RIYADH (Reuters) – Saudi Arabia’s King Salman will inaugurate on Thursday the Waad Al-Shamaal project, a 440-square-km city for mining industries in the country’s northern region, Al Arabiya TV said, quoting energy minister Khalid al-Falih.
The project will cost 85 billion riyals ($22.7 billion) and create 10,000 jobs, Falih said.
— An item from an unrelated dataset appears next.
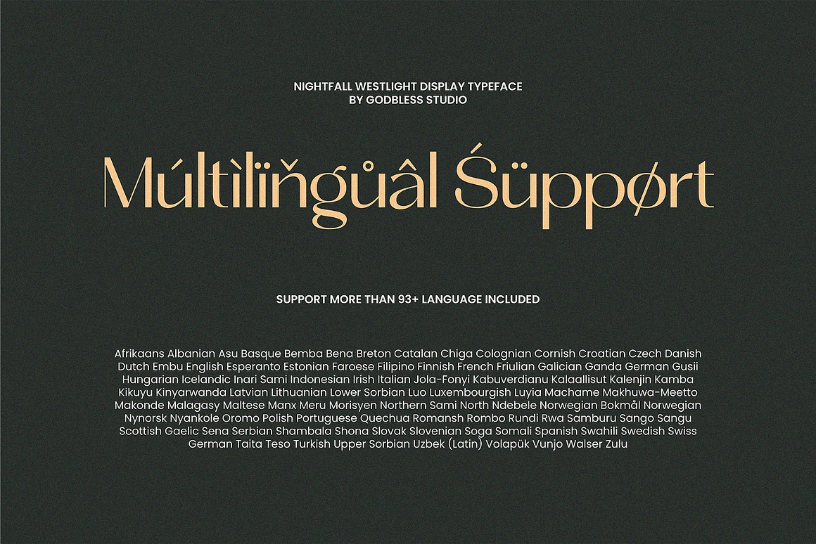 Introducing Nightfall Westlight, a modern sans display typeface designed to capture both boldness and elegance. With its clean lines, refined details, and italic style option, this font is built to elevate your design projects with a contemporary and professional edge. Crafted for standout headlines, branding, and eye-catching visuals, Nightfall Westlight is the perfect blend of clarity and character. Versatile and stylish, Nightfall Westlight is ideal for a wide range of uses—from logos, posters, packaging, and apparel designs, to social media graphics, editorial layouts, and digital projects. The font comes in Regular and Italic, giving you flexibility to adapt your designs for different moods and contexts. What makes it even more powerful is its set of alternates, allowing you to experiment with multiple styles and add unique flair to your typography. Plus, with multilingual support covering more than 90 languages, it ensures global reach and seamless use across international projects.

It is part of an industrial scheme aimed at opening up Saudi’s north to development that will boost job creation.
Mining is key to the kingdom’s reform plan to diversify its economy away from hydrocarbons, as the government aims to more than triple this sector’s contribution to the nation’s economic output by 2030.
Saudi authorities estimate the region holds 500 million tonnes of phosphate ore, around 7 percent of global proven reserves, mainly in the Al Jalamid and Umm Wu’al areas between Arar and Turaif.
The energy ministry estimates the kingdom’s unused mineral resources to be valued at 5 trillion riyals.
Saudi Arabia’s efforts to build an economy that does not rely on oil and state subsidies involves a shift towards mining vast untapped reserves of bauxite, the main source of aluminum, as well as phosphate, gold, copper and uranium.
Al Arabiya quoted Falih as saying the mining sector will be open to foreign investment after introducing a new law, without giving further details.
Currently Saudi Ma’aden <1211.SE> is the kingdom’s sole miner, producing gold and copper and has in recent years expanded into the production of aluminum and phosphates. It is 65 percent owned by the kingdom’s Public Investment Fund.
Ma’aden, which is also the Gulf’s largest miner, was developing its third project to manufacture phosphate fertilisers at its Waad al-Shamal facility at an estimated cost of 24 billion riyals.